The strict technical definition of preterm labor is when a woman begins to have contractions and changes in her cervix before she’s 37 weeks along. Many women have contractions but no cervical change — in which case it isn’t real preterm labor. However, in order to find out whether your cervix is changing, you need to be examined.
In addition, your practitioner determines how often you’re contracting by placing you on a uterine contraction monitor (like the one used to perform a non-stress test).
The contractions associated with preterm labor are regular, persistent, and often uncomfortable. They usually start out feeling like bad menstrual cramps. (Braxton-Hicks contractions, in contrast, aren’t regular or persistent, and they usually aren’t uncomfortable.)

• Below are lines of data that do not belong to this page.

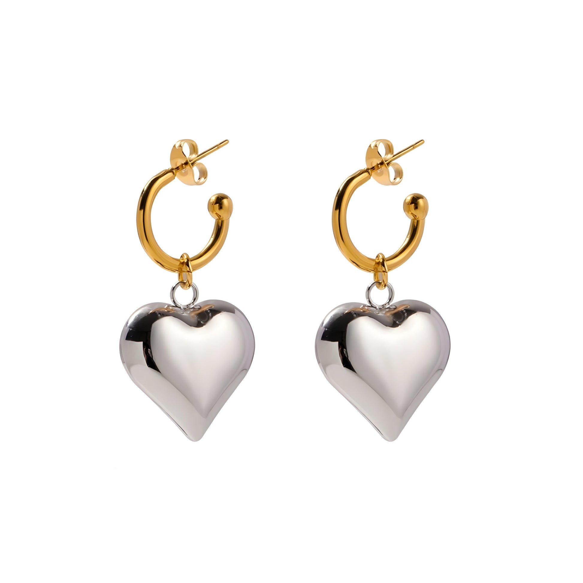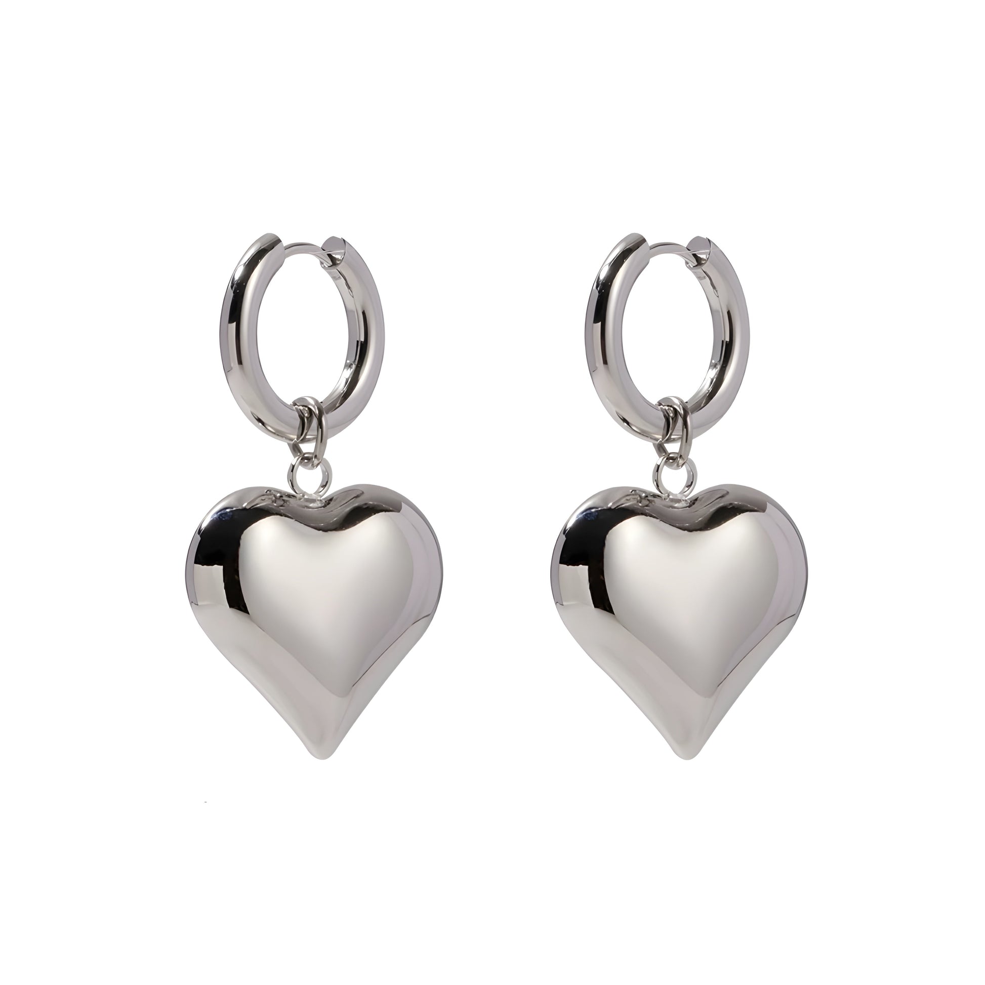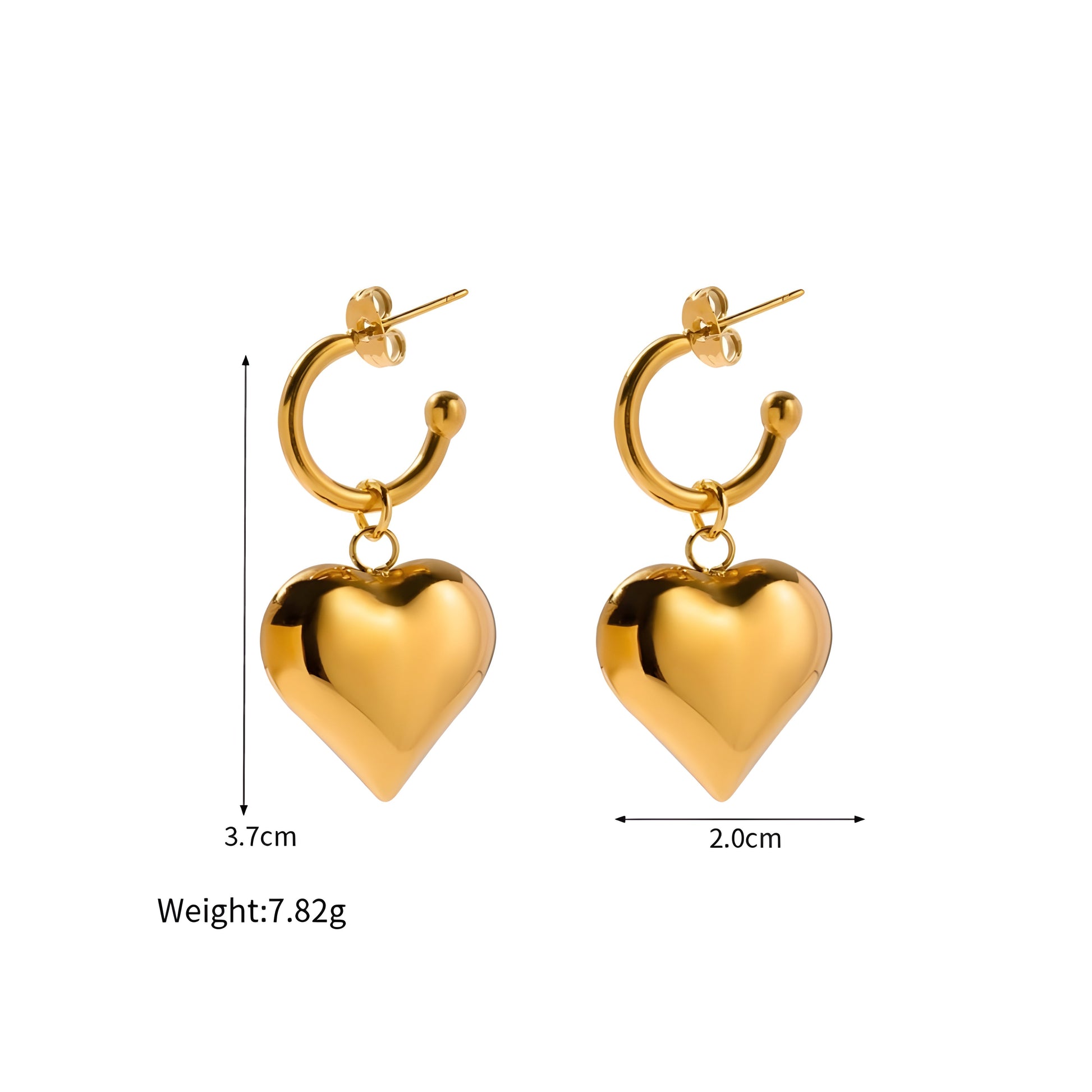 These earrings have a sleek and simple design, available in both gold and silver colors. Each earring features a large, sturdy hoop connected to a smooth, shiny heart-shaped pendant. The minimalist yet elegant design offers a modern take on classic beauty.
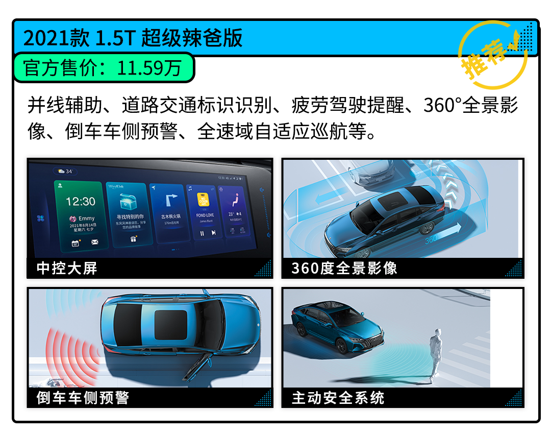 超级辣爸版比超凡萌爸版贵了2.2万元,但配置却增加了不少,包括12.3英寸全液晶仪表、并线辅助、车道偏离预警、车道保持辅助、道路交通标识识别、疲劳驾驶提醒、360°全景影像、倒车车侧预警、全速域自适应巡航等主被动安全措施等。总的来说,这2.2万元花在了实在的地方,所以买买君非常推荐。
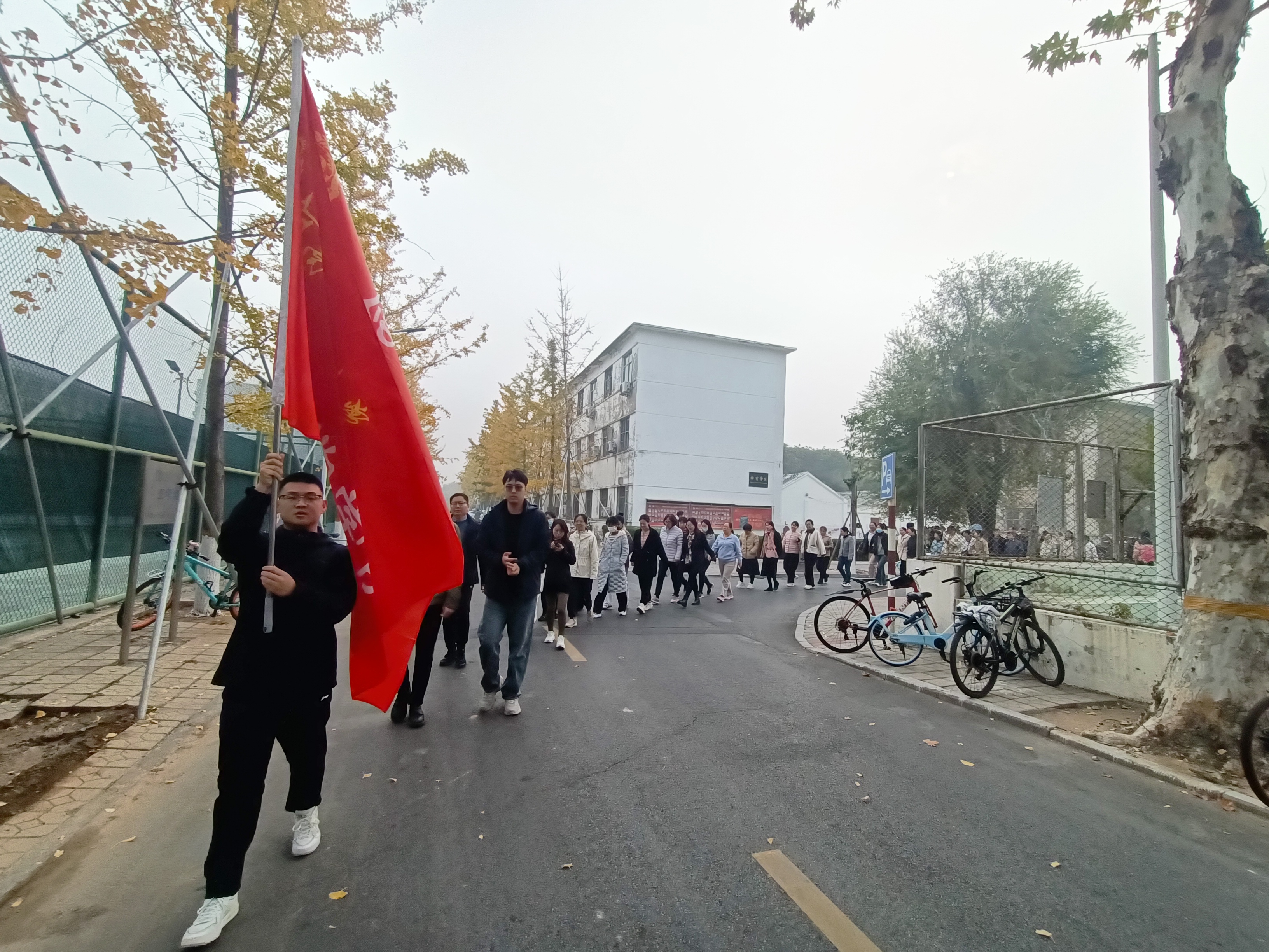 参加活动的教职工在生物西楼前集合完毕,学院工会主席宋军丽详细介绍了此次健步走活动的基本规则、注意事项和路线。随后,学院党委书记宋京双宣布“健步走”活动正式开始。教师们迈着矫健轻快的步伐,宛如一条充满活力的长龙,踏上了这场充满活力与激情的健步走征程。一路上,大家边走边交流,始终保持着健步的热情和高昂的斗志。在健步走的过程中,有的老师一边欣赏着沿途的风景,享受着运动带来的快乐;有的老师一边走一边交流着教学心得和生活趣事,欢声笑语回荡在路途中;有的老师则步伐坚定,目光专注,不断挑战自己的体能极限,每一位老师都在用自己的行动诠释着坚持和毅力的含义。
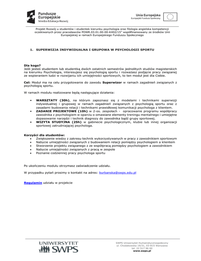 Projekt Rozwój u studentów i studentek kierunku psychologia oraz filologia angielska kompetencji oczekiwanych przez pracodawców POWR.03.01.00-00-K402/15” współfinansowany ze środków Unii Europejskiej w ramach Europejskiego Funduszu Społecznego 1. SUPERWIZJA INDYWIDUALNA I GRUPOWA W PSYCHOLOGII SPORTU Dla kogo? Jeśli jesteś studentem lub studentką dwóch ostatnich semestrów jednolitych studiów magisterskich na kierunku Psychologia, interesujesz się psychologią sportu i rozważasz podjęcie pracy związanej ze wspieraniem ludzi w rozwijaniu ich umiejętności sportowych, to ten moduł jest dla Ciebie. Cel: Moduł ma na celu przygotowanie do zawodu Superwizor w ramach zagadnień związanych z psychologią sportu. W ramach modułu realizowane będą następujące działania: • • • WARSZTATY (30h), na którym zapoznasz się z modelami i technikami superwizji indywidualnej i grupowej w ramach zagadnień związanych z psychologią sportu oraz z zasadami budowania relacji i technikami prawidłowej komunikacji psychologa z klientem. ZADANIE PROJEKTOWE (10h) w 2-os. zespołach - opracowanie programu współpracy zawodnika z psychologiem w oparciu o omawiane elementy treningu mentalnego i umiejętne dopasowanie narzędzi i technik diagnozy do zawodnika bądź grupy sportowej. WIZYTA STUDYJNA (25h) w gabinecie psychologicznym, klubie lub innej organizacji sportowej zatrudniającej psychologa. Korzyści dla studentów: Zwiększenie wiedzy z zakresu technik wykorzystywanych w pracy z zawodnikiem sportowym Nabycie umiejętności związanych z budowaniem relacji pomiędzy psychologiem a klientem Stworzenie projektu związanego z ze współpracą pomiędzy psychologiem a zawodnikiem Nabycie umiejętności związanych z pracą w zespole Poznanie codziennej pracy psychologa sportu Po ukończeniu modułu otrzymasz zaświadczenie udziału. W przypadku pytań prosimy o kontakt na adres: [email protected] Regulamin udziału w projekcie SWPS Uniwersytet Humanistycznospołeczny ul. Chodakowska 19/31, 03-815 Warszawa tel. 22 517 96 00 www.swps.pl Projekt Rozwój u studentów i studentek kierunku psychologia oraz filologia angielska kompetencji oczekiwanych przez pracodawców POWR.03.01.00-00-K402/15” współfinansowany ze środków Unii Europejskiej w ramach Europejskiego Funduszu Społecznego 2. UCHODŹCY – INTEGRACJA I ADAPTACJA Do kogo jest skierowany moduł? Do studentów/ - ek psychologii z dwóch ostatnich semestrów studiów (I stopnia, jednolitych studiów magisterskich, psychologii w indywidualnym toku studiów). Jeżeli chcesz zdobyć praktyczną wiedzę o sytuacji uchodźców w Polsce, pracować z nimi – moduł ten jest właśnie dla Ciebie! Dodatkowo podczas realizacji modułu zdobędziesz teoretyczne ramy związane z pracą z uchodźcami, które pomogą w usystematyzowaniu Twojej wiedzy. Podczas wizyt studyjnych poznasz w praktyce – pod okiem Opiekuna jak wygląda praca z uchodźcami, co pomoże Ci zrozumieć ich sytuację. Cel modułu: Przygotowanie studentów/ -tek do pracy z napływającymi do Polski uchodźcami spoza Unii Europejskiej. W ramach modułu realizowane będą następujące działania: • WARSZTATY: 30 godzin X 10 os. Grupa Podczas warsztatów studenci/ - tki poznają i stosować będą psychologię międzykulturową w pracy z uchodźcami oraz lokalną społecznością, w celu doprowadzenia do ich integracji. • ZADANIA PROJEKTOWE: 10 godzin X 5 podzespołów po 2 osoby Podczas zadań projektowych, studenci/ - tki stworzą strategię wsparcia procesu integracji/ adaptacji dla konkretnych grup uchodźców: dzieci/ dorosłych, praca na konkretnych kesjach. Każda z grup będzie miała za zadanie stworzenia wspólnego projektu. • WIZYTY STUDYJNE: 25 godzin X 5 podzespołów po 2 osoby Realizacja wizyt w Ośrodkach dla Uchodźców – publicznych i/lub NGO’s, urzędach gmin, szkołach, w których uczą się dzieci uchodźców. Podczas wizyty studenci/ tki poznają jak wygląda życie uchodźców, dowiedzą się jak funkcjonują ośrodki a także będą mieli możliwość uczestniczenia w zajęciach grupowych, w których biorą udział uchodźcy/lub ich dzieci. Korzyści dla CIEBIE wynikające z udziału w module: Zwiększenie wiedzy na temat sytuacji uchodźców spoza Unii Europejskiej w Polsce Poznanie metod wspomagających integrację i adaptację uchodźców w Polsce Poznanie zasad pracy z uchodźcami podczas wizyt studyjnych w Ośrodkach dla Cudzoziemców Nabycie umiejętności związanych z pracą w grupie (zadania projektowe, wizyty studyjne) Poznanie zasad, metod codziennego funkcjonowania Ośrodków dla Cudzoziemców Po ukończeniu modułu otrzymasz zaświadczenie udziału. W przypadku pytań prosimy o kontakt na adres: [email protected] Regulamin udziału w projekcie SWPS Uniwersytet Humanistycznospołeczny ul. Chodakowska 19/31, 03-815 Warszawa tel. 22 517 96 00 www.swps.pl Projekt Rozwój u studentów i studentek kierunku psychologia oraz filologia angielska kompetencji oczekiwanych przez pracodawców POWR.03.01.00-00-K402/15” współfinansowany ze środków Unii Europejskiej w ramach Europejskiego Funduszu Społecznego 3. KOMUNIKACJA MARKETINGOWA Dla kogo? Studenci i studentki dwóch ostatnich semestrów studiów Psychologia (I, II stopnia lub JSM) rozważający podjęcie pracy w działach marketingu i badań rynku, sprzedaży i zarządzania satysfakcją klienta, agencjach reklamowych, agencjach badawczych, ośrodkach badania opinii publicznej i analiz społecznych, w obsłudze klientów (usługi handlowe, bankowe itp.). Cel: Moduł ma na celu przygotowanie do pracy w marketingu/reklamie metodami Customer Experience Management, Customer Feedback Management, Interactive Customer Evaluation. W ramach modułu realizowane będą następujące działania: • WARSZTATY (20h) Zakres tematyczny: praktyczne zastosowanie metod Customer Experience Menagement, Customer Feedback Menagement, Interactive Customer Ealuation, rola outdooru w komunikacji m
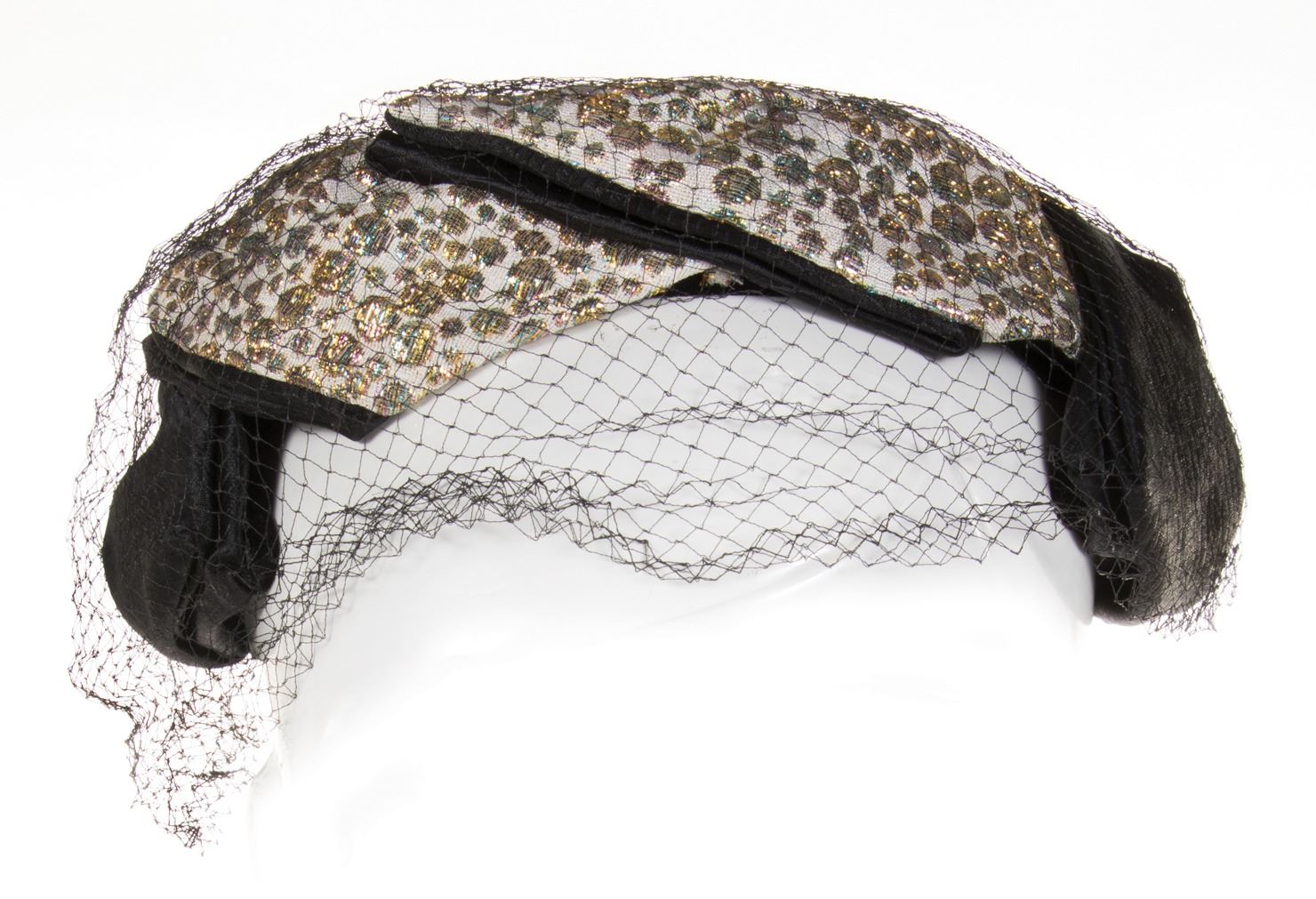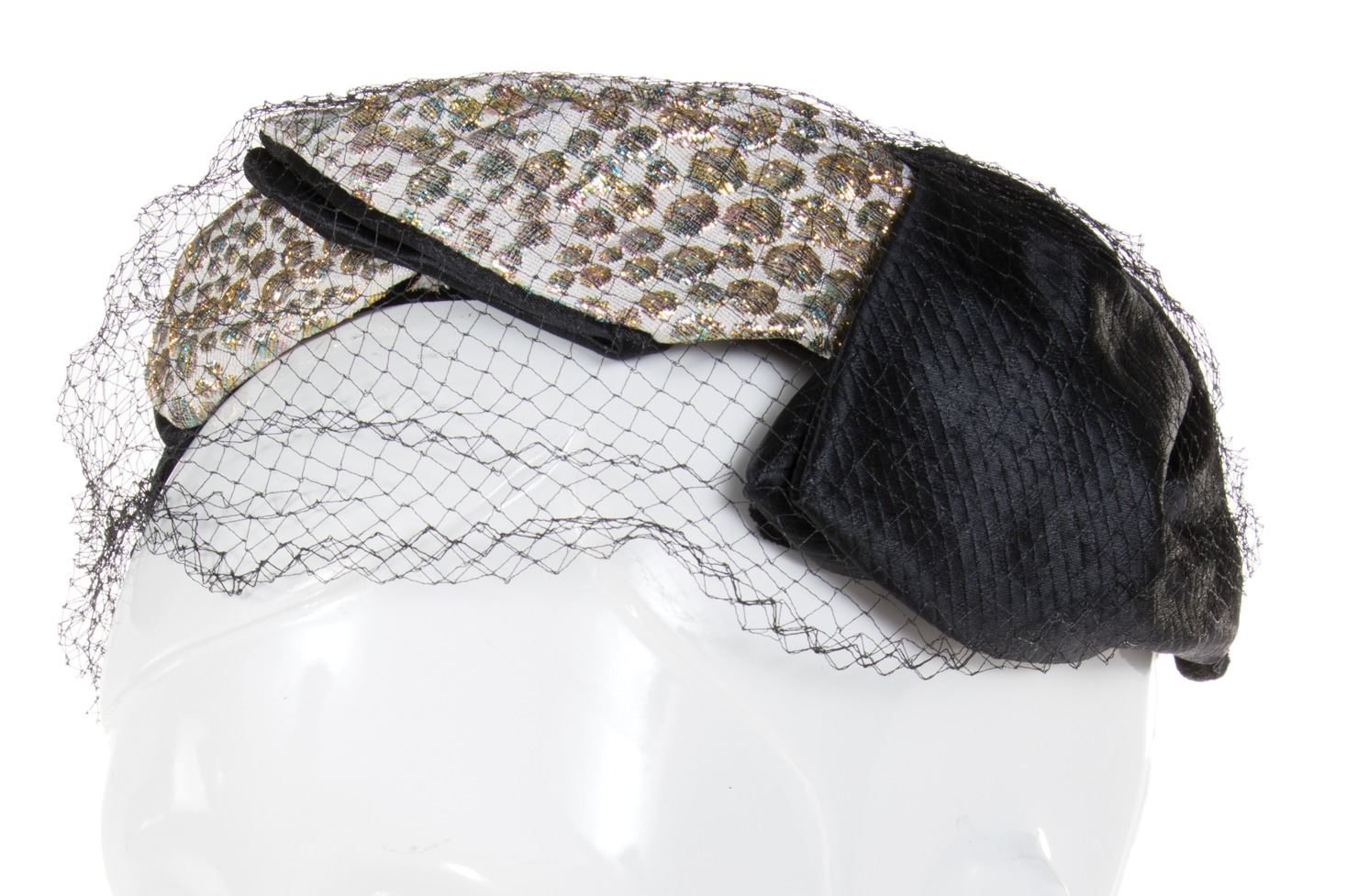 2. Lucille Ball "Lucy" fascinator from I Love Lucy. (Desilu, 1951-1957) Vintage original couture hat of textured black satin and ivory silk ribbon with gold bullion thread embroidered embellishment. Constructed on a wire mesh enforced internal hatband, with velvet stays for pinning to hair. Finished with a short black mesh veil. Worn by Lucille Ball in the classic comedy series. Originally purchased at the 1967 Desilu studio auction. Exhibiting minor age and wear. In vintage very fine condition. $800 - $1,200

Preterm labor may also be associated with increased mucous discharge, bleeding, or leakage of amniotic fluid. Diagnosing preterm labor as early as possible is important. Medications aimed at arresting premature labor work best if the cervix is dilated less than 3 centimeters. If labor occurs after 35 weeks, your practitioner probably won’t try to stop your contractions except in rare circumstances (such as poorly controlled diabetes).
If you find that you’re having regular, uncomfortable, persistent contractions (more than five or six in an hour) and you’re not yet 35 to 36 weeks pregnant, call your practitioner. The only way to tell whether you’re experiencing real preterm labor is to be examined. Also, if you think your membranes have ruptured (your water has broken) or if you’re having any bleeding, call your practitioner right away.